Как подчеркивает историк искусства Хэл Фостер в своей знаковой книге «Компульсивная красота» (Фостер, 2022), в эстетике сюрреализма значительную роль играет концепция «нездешнего» (нем. "das Unheimliche"; англ. "uncanny"). Этот термин, заимствованный из психоаналитической теории Зигмунда Фрейда, обозначает нечто странное, жуткое, пугающее, но в то же время притягательное и завораживающее. По Фрейду, ощущение «нездешнего» возникает, когда нечто знакомое и привычное вдруг предстает в новом, неожиданном свете, вызывая тревогу и беспокойство: это может быть связано с вытесненными в подсознание страхами, желаниями и комплексами, которые прорываются наружу, нарушая привычный ход вещей1.
На ощущении «нездешнего», как подчеркивает американский исследователь, базируется и толкование категории «чудесное», описываемой Андре Бретоном в его литературных работах, в том числе в романах «Надя» и «Безумная любовь». Для французского писателя «чудесное» тесно связано, с одной стороны, с категорией «объективной случайности», проявляющейся в неожиданных встречах (лотреамоновская случайная встреча швейной машинки и зонтика на анатомическом столе) и найденных объектах (как известная ложечка-туфелька, найденная Бретоном на блошином рынке), и, с другой стороны, с концепцией «конвульсивной красоты» (Фостер, 2022, с. 48). Последняя является своеобразной максимой сюрреалистической эстетики; ведь, как указывает Бретон в финале романа «Надя», «красота будет конвульсивной или не будет вовсе» (2003, р. 160). «Конвульсивная красота» представляет собой высшую форму эстетического переживания, в котором соединяются противоположные начала: влечение и отвращение, восторг и ужас, статика и динамика, реальное и воображаемое. Это красота «судорожная», «эпилептическая», порожденная столкновением несовместимых элементов, короткими замыканиями смысла. Она не подчиняется законам гармонии и меры, а напротив, стремится к эксцессу, трансгрессии и преодолению границ. Примерами «конвульсивной красоты» для Бретона были некоторые образы из романов маркиза де Сада, картины Джузеппе Арчимбольдо, фотографии истерических пациенток Жан-Мартена Шарко. Упомянутые выше категории «чудесного», «объективной случайности» и «конвульсивной красоты» призваны, по Фостеру, указывать на соединение «не/одушевленного и не/подвижного, эротического-и-завуалированного, взрывного-и-застылого, магического-и-обыденного», трансформируя болезненную тревогу, вызываемую проявлениями «нездешнего», в эстетику прекрасного (2022, с. 55).
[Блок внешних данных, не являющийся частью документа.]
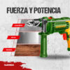 Taladro percutor de 650W diseñado para ofrecer potencia y precisión en cada trabajo. Su velocidad variable y función reversible lo convierten en una herramienta versátil para perforar madera, metal y concreto ligero. Incluye mango auxiliar para mayor control, ideal tanto para uso doméstico como profesional.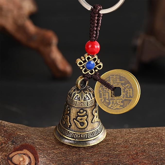 [Lanito] 鈴 風水 風鈴 真鍮 六字真言 五帝銭 小鈴 仏教ベル 開運 風水グッズ 運気 いい音 お守り キーホルダー

1 Отметим, что в русскоязычной литературе термин "Unheimliche" обычно переводится как «жуткое», что, однако представляется нежелательным в контексте рассуждений Хэла Фостера, так как термин «жуткое» практически не указывает на амбивалентный характер описанных переживаний.
Эстетика современного генеративного творчества также может быть описана с помощью вышеуказанных категорий и концепций. Алгоритмы глубокого обучения часто порождают образы, которые могут восприниматься как «нездешние»: сгенерированные изображения, будь то стилизации под известные художественные направления, гибридные портреты или абстрактные композиции, нередко вызывают у зрителя ощущение чего-то знакомого и в то же время глубоко чуждого, странного, почти пугающего (недаром для генеративного искусства особенно характерен «эффект зловещей долины» (uncanny valley)). Нейросетевые модели часто создают изображения, которые напоминают реальные объекты или сцены, но содержат те или иные аномалии, вроде неправильного количества зубов или пальцев на портретах людей; использование этих искажений в ИИ-творчестве призвано вызывать у зрителя ощущение, свидетельствующее об обнаружении им чего-либо неправильного и, одновременно, тревожного. Подобные образы, будучи визуализацией скрытых паттернов, укорененных в массиве данных, на которых обучаются нейронные сети, могут восприниматься как своего рода «возвращение вытесненного», а сам процесс создания генеративного изображения может метафорически рассматриваться как своеобразная техническая параллель к психоаналитическому методу свободных ассоциаций.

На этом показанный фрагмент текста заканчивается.